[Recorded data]
------------------------------------------------------------
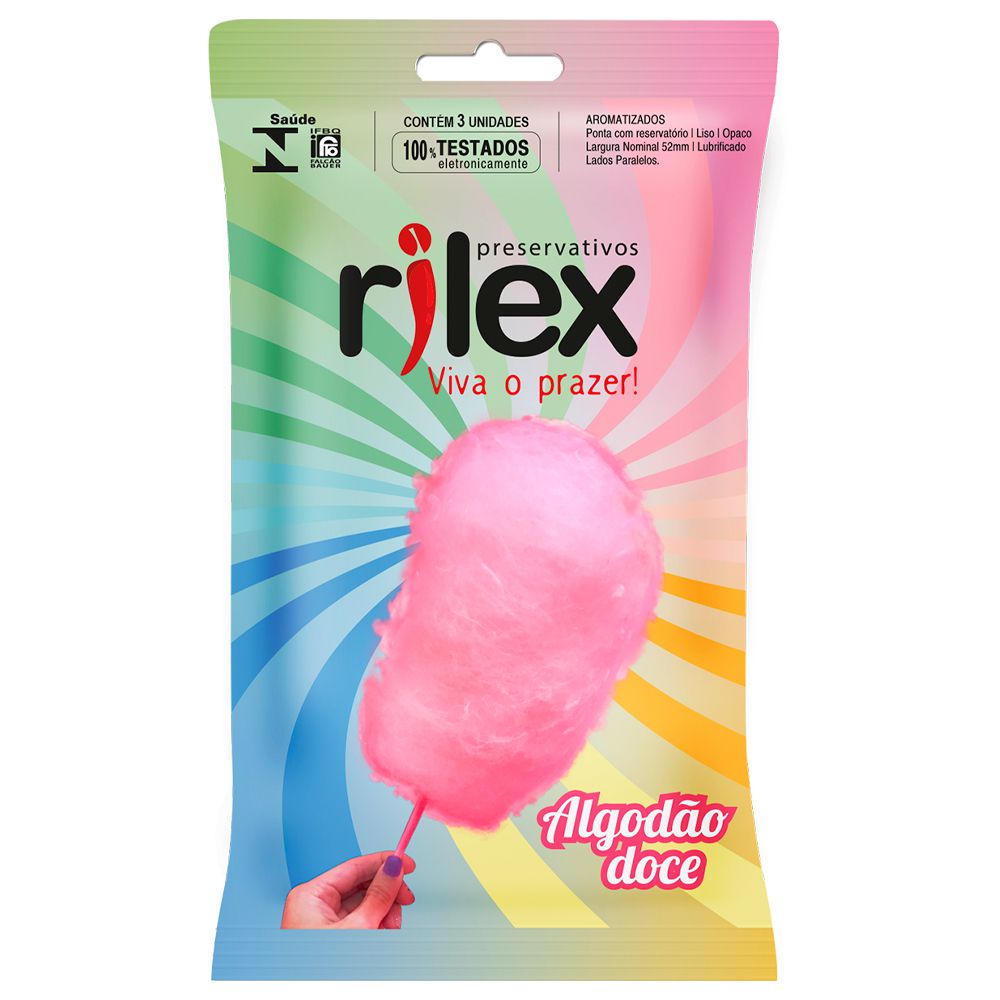 Com aroma adocicado do nosso preservativo de algodão doce, a Rilex te leva a um parque de diversões particular. E ai, topa? Composição: Látex de borracha natural, óleo de silicone (lubrificante) e aroma artificial de algodão doce Quantidade: 03 unidades por pacote Registro Anvisa: 80950310012 Instruções: Produto de uso único. Não fracionar. Proteja este produto do calor, da umidade e da luz. Abrir o envelope somente na hora do uso. Leia as instruções de uso na bula interna do produto
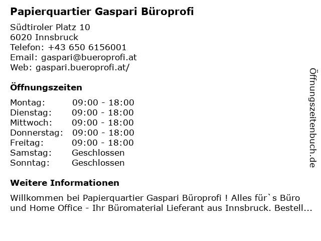 2 büroprofi Moser Papier und Büro Ges. m.b.H. (Entfernung: 8,40 km) Oberer Stadtplatz 3, 6060 Hall in Tirol 5 Safe - Project Sicherheitstechnik & Projektmanagement GmbH (Entfernung: 2,27 km) Amraser-See-Straße 56, 6029 Innsbruck 6 |
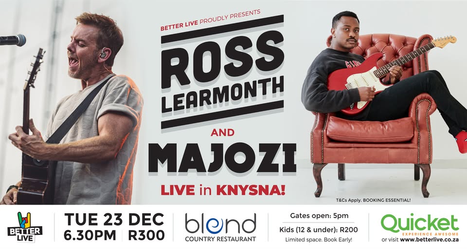 Join us for a unique and spectacular double-bill show featuring the incredible talents of Ross Learmonth and Majozi at the beautiful Blend Country Restaurant in Knysna!
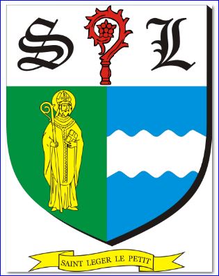 (2015) Parti: au 1er de sinople à saint Léger, évêque d'or, au 2e d'azur à la fasce ondée d'argent; le tout sommé d'un chef d'argent chargé d'une volute de crosse de gueules accostée à dextre de la lettre gothique S et à senestre de la lettre gothique L toutes deux de sable.
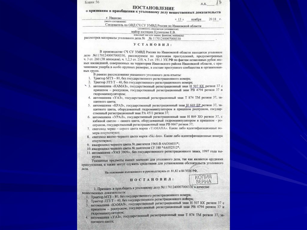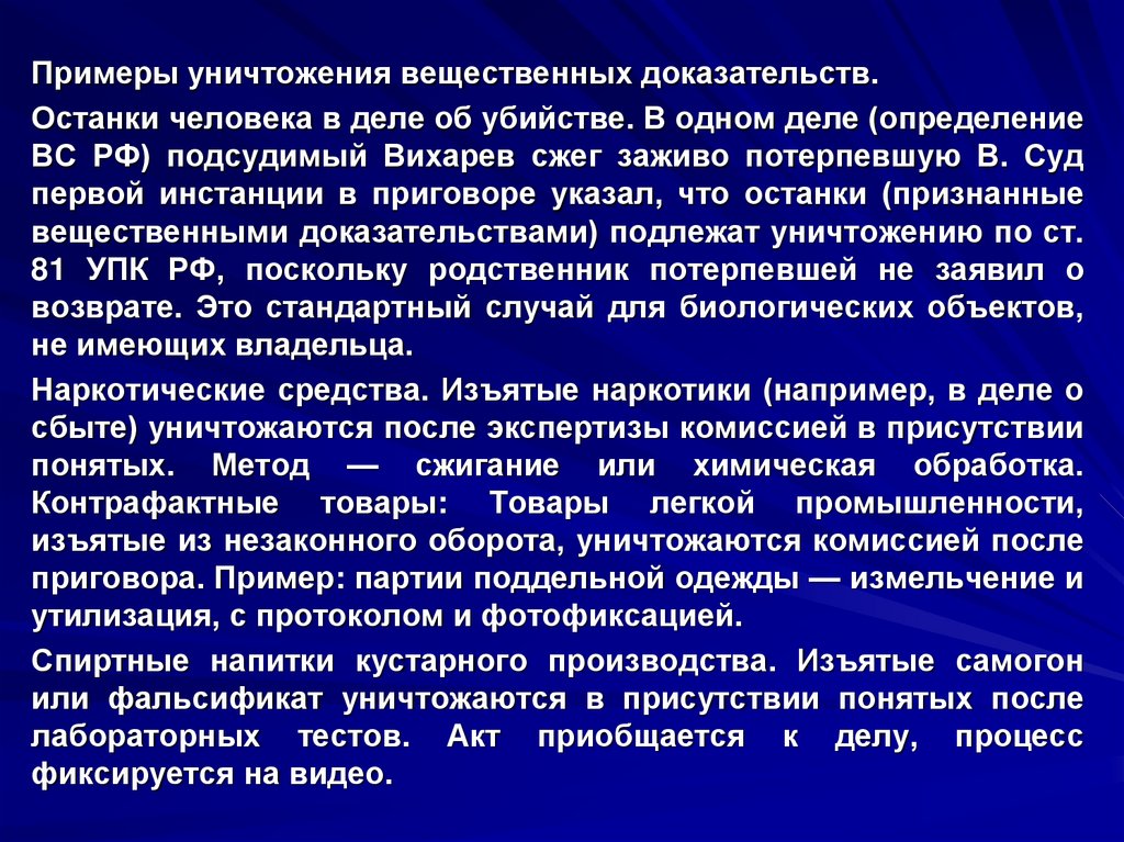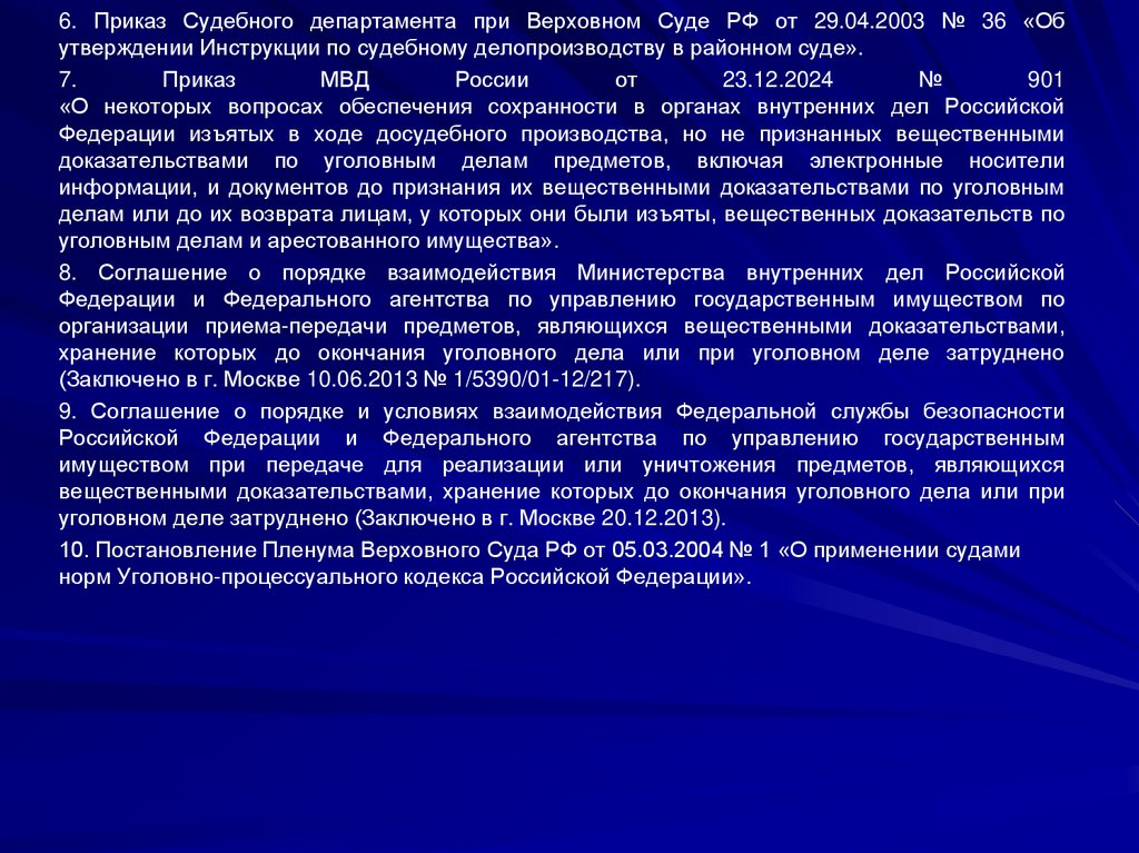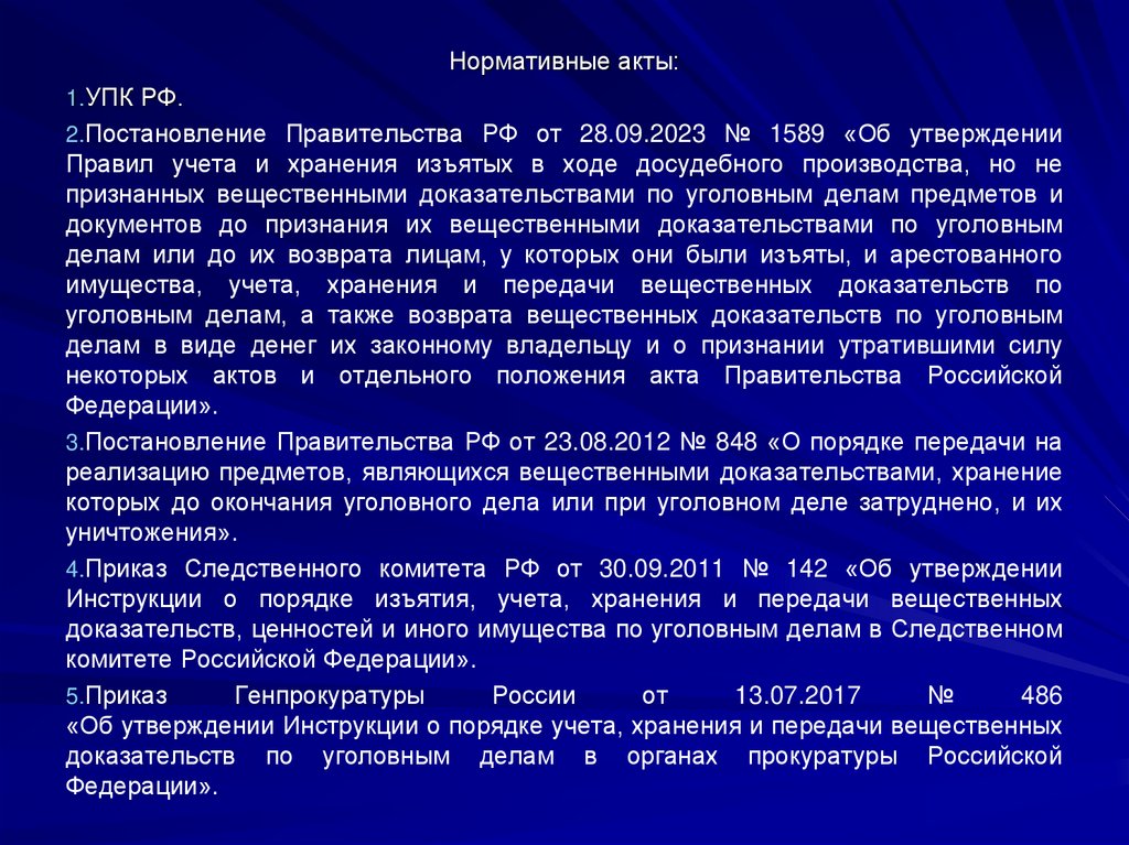 Инструкции о порядке изъятия, учета, хранения и передачи вещественных
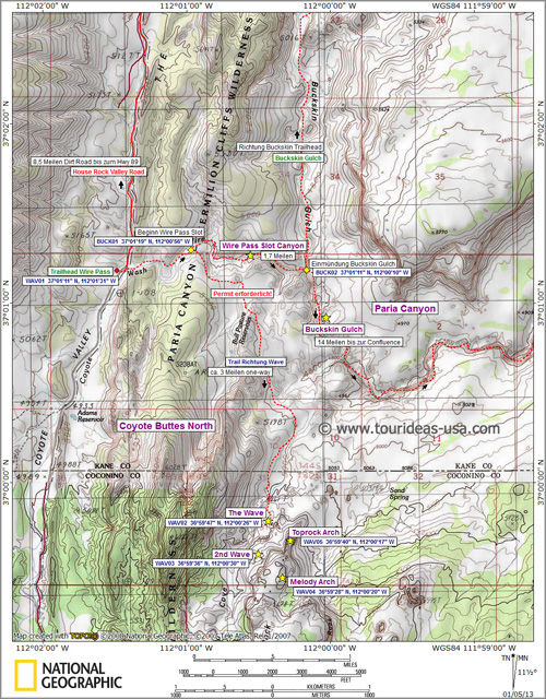 Karte Buckskin Gulch / The Wave
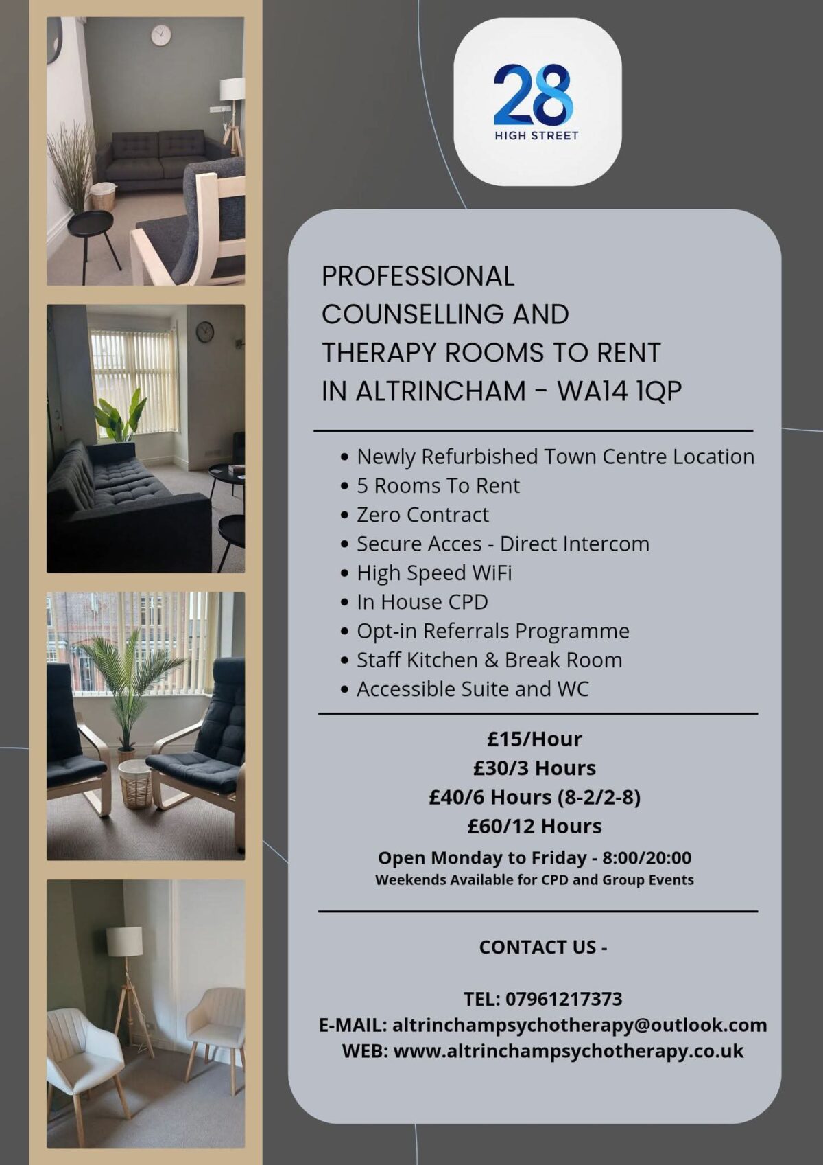 Located at 28 High Street, Altrincham, our newly refurbished counselling and therapy rooms offer a professional, welcoming space in the heart of the town centre. Ideal for counsellors, psychotherapists, and wellbeing practitioners seeking flexible, high-quality rooms without long-term contracts.
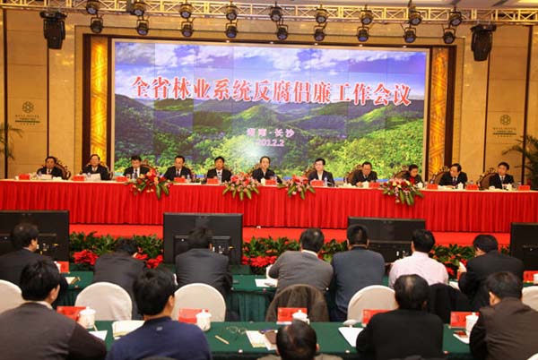 2月17日下午,全省林业系统反腐倡廉工作会议在长沙召开。会议传达贯彻中纪委第七次全会和省纪委第二次全会精神,认真总结了2011年反腐倡廉工作,科学分析了当前林业系统反腐倡廉形势,表彰了2011年度全省林业行风建设先进单位,全面部署了2012年林业反腐倡廉工作。省委常委、省纪委书记黄建国出席会议并作重要讲话。厅党组书记、厅长邓三龙作工作报告。厅党组副书记、副厅长胡长清副主持会议。厅党组成员、纪检组长王鹰柏宣读《湖南省林业厅关于表彰2011年度全省林业行风建设先进单位的通报》。厅领导唐苗生、柏方敏、文振军、李益荣、柳开明、吴剑波,副厅级干部姚先铭等出席会议并在主席台就座。
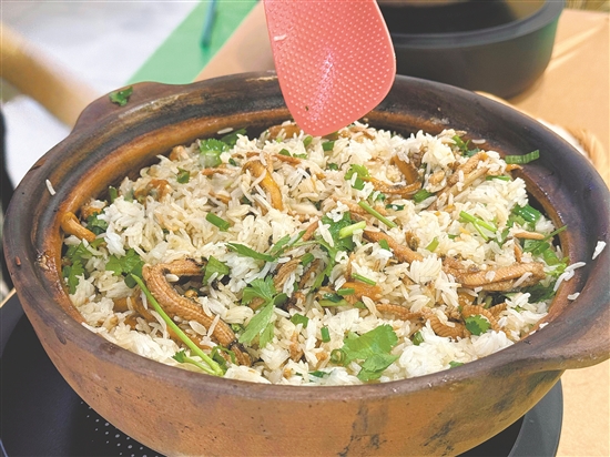 据了解,《台山黄鳝饭团体标准》对制作工艺、原材料及质量要求作出明确规定。食材准备上,严格界定黄鳝品种、大小,以及大米产地、品质;烹饪环节,从黄鳝处理、炒制火候,到米饭蒸煮时间、比例搭配等,均详细描述,确保高品质。制作须遵循“煮、炒、焗”三道核心工艺,主料选用每公斤20至32条的鲜活黄鳝与台山丝苗米,搭配姜蓉等辅料及十余种调料,还特别强调锅巴要呈金黄色、带焦香味,米饭粒粒分明、鳝肉嫩滑。
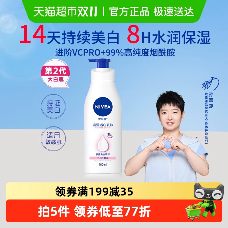 ¥20.9 妮维雅2代大白瓶美白身体乳精华烟酰胺保湿补水 25.9
------------------------------------------------------------
» **Aim of the task**
Without the pictures, give back the entries exactly.

» **The completed task**
 Com aroma adocicado do nosso preservativo de algodão doce, a Rilex te leva a um parque de diversões particular. E ai, topa? Composição: Látex de borracha natural, óleo de silicone (lubrificante) e aroma artificial de algodão doce Quantidade: 03 unidades por pacote Registro Anvisa: 80950310012 Instruções: Produto de uso único. Não fracionar. Proteja este produto do calor, da umidade e da luz. Abrir o envelope somente na hora do uso. Leia as instruções de uso na bula interna do produto
 2 büroprofi Moser Papier und Büro Ges. m.b.H. (Entfernung: 8,40 km) Oberer Stadtplatz 3, 6060 Hall in Tirol 5 Safe - Project Sicherheitstechnik & Projektmanagement GmbH (Entfernung: 2,27 km) Amraser-See-Straße 56, 6029 Innsbruck 6 |
 Join us for a unique and spectacular double-bill show featuring the incredible talents of Ross Learmonth and Majozi at the beautiful Blend Country Restaurant in Knysna!
 (2015) Parti: au 1er de sinople à saint Léger, évêque d'or, au 2e d'azur à la fasce ondée d'argent; le tout sommé d'un chef d'argent chargé d'une volute de crosse de gueules accostée à dextre de la lettre gothique S et à senestre de la lettre gothique L toutes deux de sable.
 Инструкции о порядке изъятия, учета, хранения и передачи вещественных
 Karte Buckskin Gulch / The Wave
 Located at 28 High Street, Altrincham, our newly refurbished counselling and therapy rooms offer a professional, welcoming space in the heart of the town centre. Ideal for counsellors, psychotherapists, and wellbeing practitioners seeking flexible, high-quality rooms without long-term contracts.
 2月17日下午,全省林业系统反腐倡廉工作会议在长沙召开。会议传达贯彻中纪委第七次全会和省纪委第二次全会精神,认真总结了2011年反腐倡廉工作,科学分析了当前林业系统反腐倡廉形势,表彰了2011年度全省林业行风建设先进单位,全面部署了2012年林业反腐倡廉工作。省委常委、省纪委书记黄建国出席会议并作重要讲话。厅党组书记、厅长邓三龙作工作报告。厅党组副书记、副厅长胡长清副主持会议。厅党组成员、纪检组长王鹰柏宣读《湖南省林业厅关于表彰2011年度全省林业行风建设先进单位的通报》。厅领导唐苗生、柏方敏、文振军、李益荣、柳开明、吴剑波,副厅级干部姚先铭等出席会议并在主席台就座。
 据了解,《台山黄鳝饭团体标准》对制作工艺、原材料及质量要求作出明确规定。食材准备上,严格界定黄鳝品种、大小,以及大米产地、品质;烹饪环节,从黄鳝处理、炒制火候,到米饭蒸煮时间、比例搭配等,均详细描述,确保高品质。制作须遵循“煮、炒、焗”三道核心工艺,主料选用每公斤20至32条的鲜活黄鳝与台山丝苗米,搭配姜蓉等辅料及十余种调料,还特别强调锅巴要呈金黄色、带焦香味,米饭粒粒分明、鳝肉嫩滑。
 ¥20.9 妮维雅2代大白瓶美白身体乳精华烟酰胺保湿补水 25.9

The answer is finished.